> [Work required]:
Exact reproduction, images excluded: write out the records below.

----

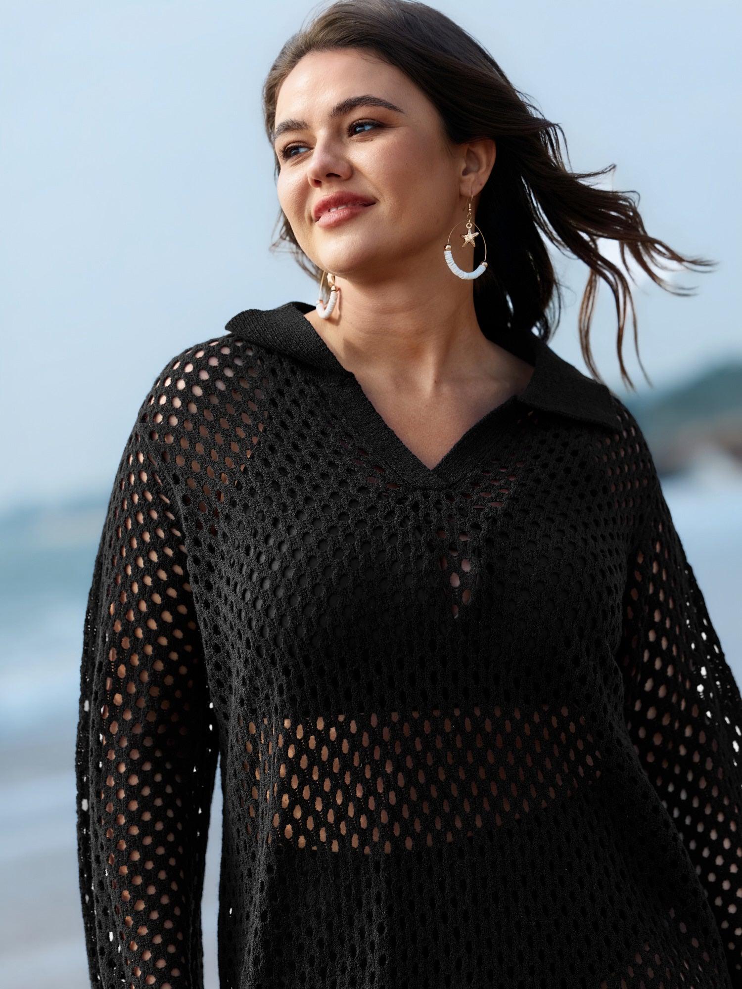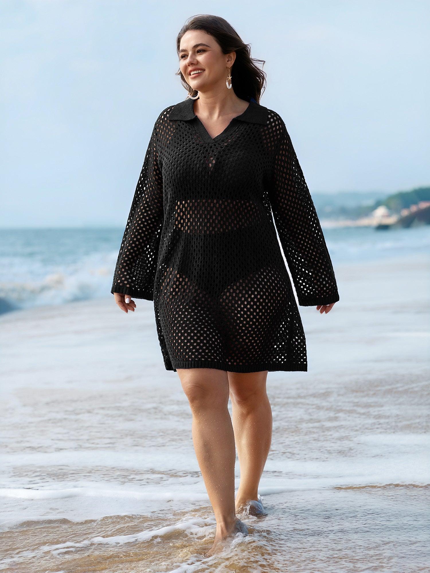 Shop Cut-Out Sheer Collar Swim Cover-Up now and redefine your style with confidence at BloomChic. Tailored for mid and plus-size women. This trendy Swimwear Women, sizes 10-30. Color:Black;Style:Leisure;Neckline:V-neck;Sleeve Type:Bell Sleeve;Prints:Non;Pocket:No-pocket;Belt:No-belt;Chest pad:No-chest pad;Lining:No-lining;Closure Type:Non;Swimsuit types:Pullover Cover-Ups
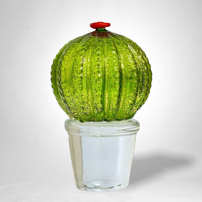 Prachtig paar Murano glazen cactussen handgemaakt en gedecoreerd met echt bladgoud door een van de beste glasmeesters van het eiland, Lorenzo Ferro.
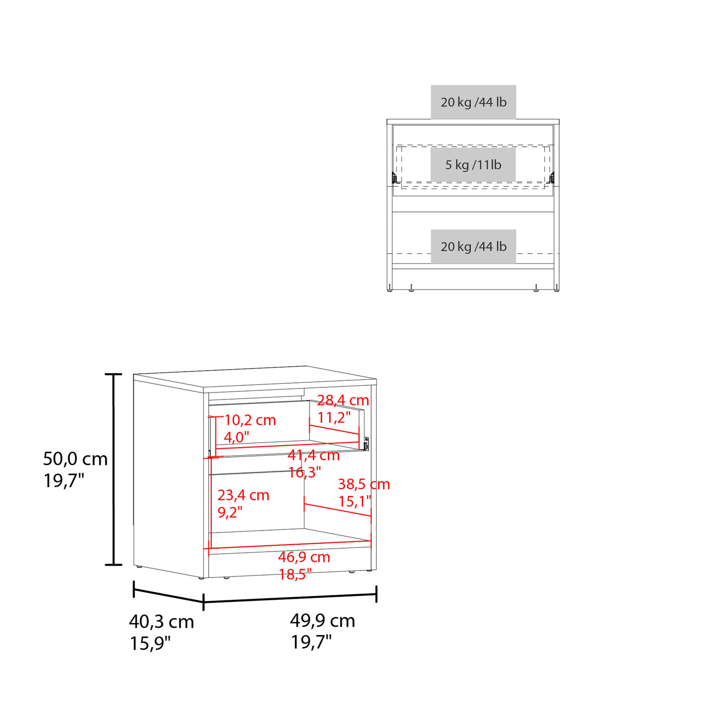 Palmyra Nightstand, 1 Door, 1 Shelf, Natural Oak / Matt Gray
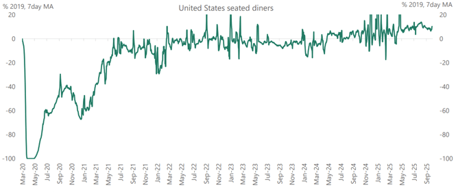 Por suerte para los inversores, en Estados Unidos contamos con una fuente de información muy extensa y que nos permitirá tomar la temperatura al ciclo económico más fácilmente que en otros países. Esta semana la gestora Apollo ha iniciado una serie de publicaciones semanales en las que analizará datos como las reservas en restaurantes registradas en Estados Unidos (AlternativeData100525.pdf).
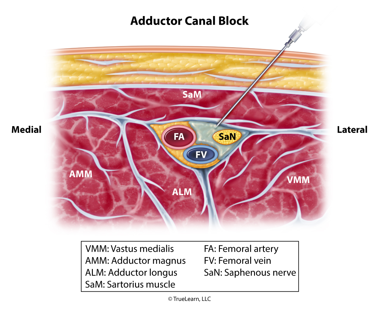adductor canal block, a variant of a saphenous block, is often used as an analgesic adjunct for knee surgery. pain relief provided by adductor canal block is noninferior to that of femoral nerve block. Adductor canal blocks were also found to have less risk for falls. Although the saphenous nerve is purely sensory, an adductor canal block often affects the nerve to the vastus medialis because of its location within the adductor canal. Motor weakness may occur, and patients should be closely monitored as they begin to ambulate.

----

> [Your solution]:
 Shop Cut-Out Sheer Collar Swim Cover-Up now and redefine your style with confidence at BloomChic. Tailored for mid and plus-size women. This trendy Swimwear Women, sizes 10-30. Color:Black;Style:Leisure;Neckline:V-neck;Sleeve Type:Bell Sleeve;Prints:Non;Pocket:No-pocket;Belt:No-belt;Chest pad:No-chest pad;Lining:No-lining;Closure Type:Non;Swimsuit types:Pullover Cover-Ups
 Prachtig paar Murano glazen cactussen handgemaakt en gedecoreerd met echt bladgoud door een van de beste glasmeesters van het eiland, Lorenzo Ferro.
 Palmyra Nightstand, 1 Door, 1 Shelf, Natural Oak / Matt Gray
 Por suerte para los inversores, en Estados Unidos contamos con una fuente de información muy extensa y que nos permitirá tomar la temperatura al ciclo económico más fácilmente que en otros países. Esta semana la gestora Apollo ha iniciado una serie de publicaciones semanales en las que analizará datos como las reservas en restaurantes registradas en Estados Unidos (AlternativeData100525.pdf).
adductor canal block, a variant of a saphenous block, is often used as an analgesic adjunct for knee surgery. pain relief provided by adductor canal block is noninferior to that of femoral nerve block. Adductor canal blocks were also found to have less risk for falls. Although the saphenous nerve is purely sensory, an adductor canal block often affects the nerve to the vastus medialis because of its location within the adductor canal. Motor weakness may occur, and patients should be closely monitored as they begin to ambulate.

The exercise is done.